1.1 Changement d’opioïdes ou rotation des opioïdes hors voies d’administrations centrales

1.1.1 Généralités

la morphine (sous forme de sulfate ou de chlorhydrate), administrée par voie orale, à libération immédiate ou prolongée, ou administrée par voie injectable ;

l’hydromorphone, administrée par voie orale, à libération ou prolongée ;

l’oxycodone, administrée par voie orale, à libération immédiate ou prolongée, ou administrée par voie injectable ;

le tapentadol, administré par voie orale ;

la méthadone, administrée par voie orale ;

la buprénorphine, administrée par voie sublinguale ou injectable ;

la nalbuphine, administrée par voie injectable ;

le fentanyl, administré par voie transmuqueuse (sublinguale, gingivale, jugale, nasale), transdermique ou injectable ;

le sufentanil, administré par voie sublinguale ou injectable (IV ou péridurale) ;

la péthidine, administrée par voie injectable.

Dans les douleurs liées au cancer

Les traitements opioïdes forts sont recommandés par l’OMS en cas de douleur liée au cancer intense ou après échec des autres paliers. Ils sont parfois insuffisants pour avoir une antalgie satisfaisante (6).

Dans certains cas, l’analgésie combinant soulagement et effets secondaires acceptables n’est pas obtenue. Dans une étude longitudinale sur 593 patients, près de 15 % d’entre eux étaient dans cette situation (7).

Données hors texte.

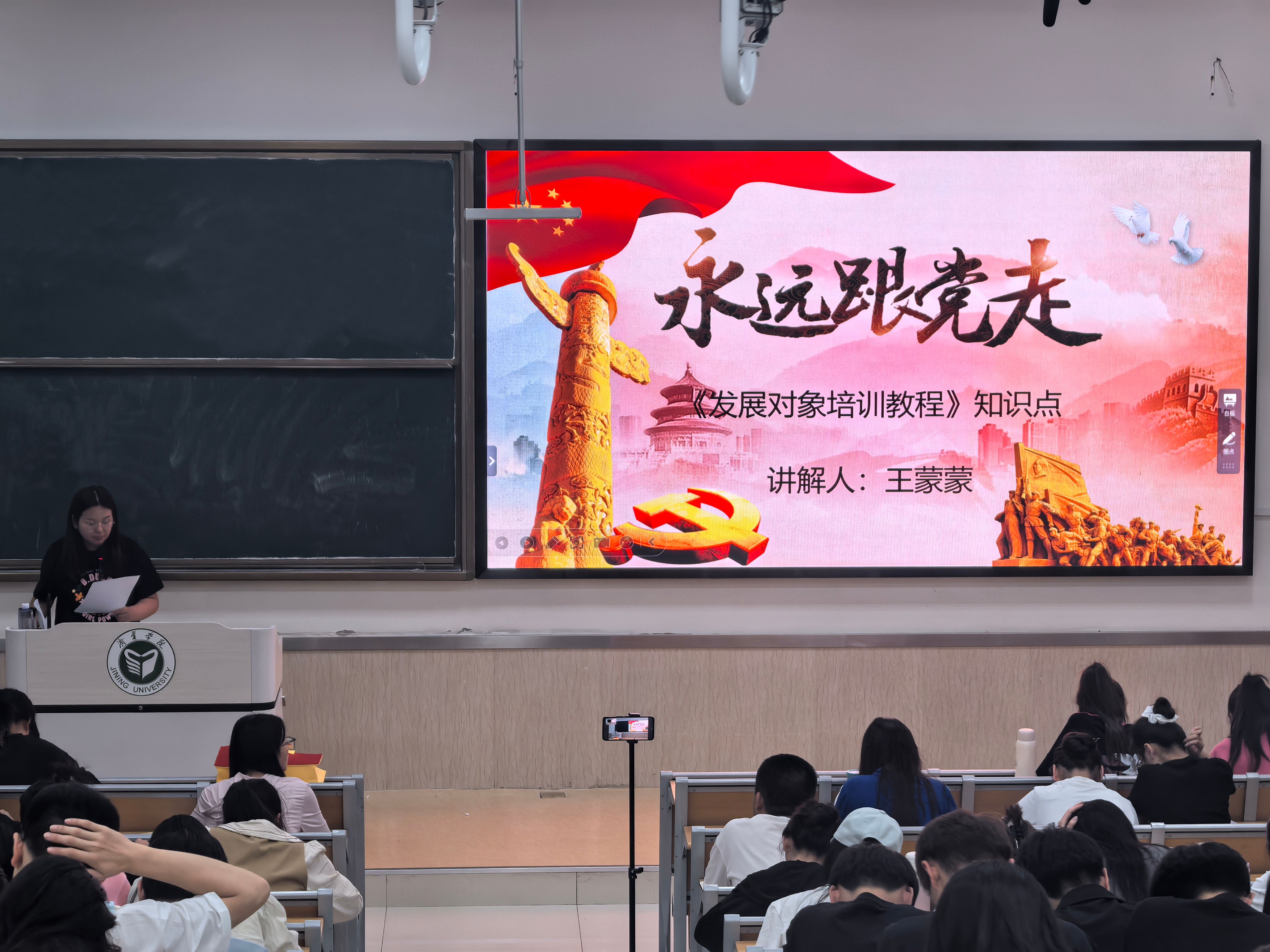 为夯实党员发展对象与预备党员的信仰根基,提升思想政治素养,5月23日下午,学生党支部副书记王蒙蒙以“永远跟党走”为主题,在9D102为第35期党员发展对象暨第19期预备党员带来一堂内容丰富、意义深刻的专题党课。

Dans d’autres séries, jusqu’à 30 % des patients traités par opioïdes présentaient une douleur ou des EI mal contrôlés (8, 9).

La rotation des opioïdes peut se définir comme un changement systématique et régulier d’un opioïde par un autre ou un changement de voie d’administration d’un opioïde dans le but d’améliorer la prise en charge de la douleur en évitant les effets de tolérance par tachyphylaxie.

Elle répond ainsi à cette situation clinique. Lui est préféré le terme de « changement d’opioïde ».

Le changement d’opioïdes est nécessaire pour 21 à 44 % des patients (10).

De par l’exposition prolongée possible aux opioïdes au travers de la survie prolongée en cas de cancer, ce changement est effectué pour 80 % des patients, selon certains auteurs (11).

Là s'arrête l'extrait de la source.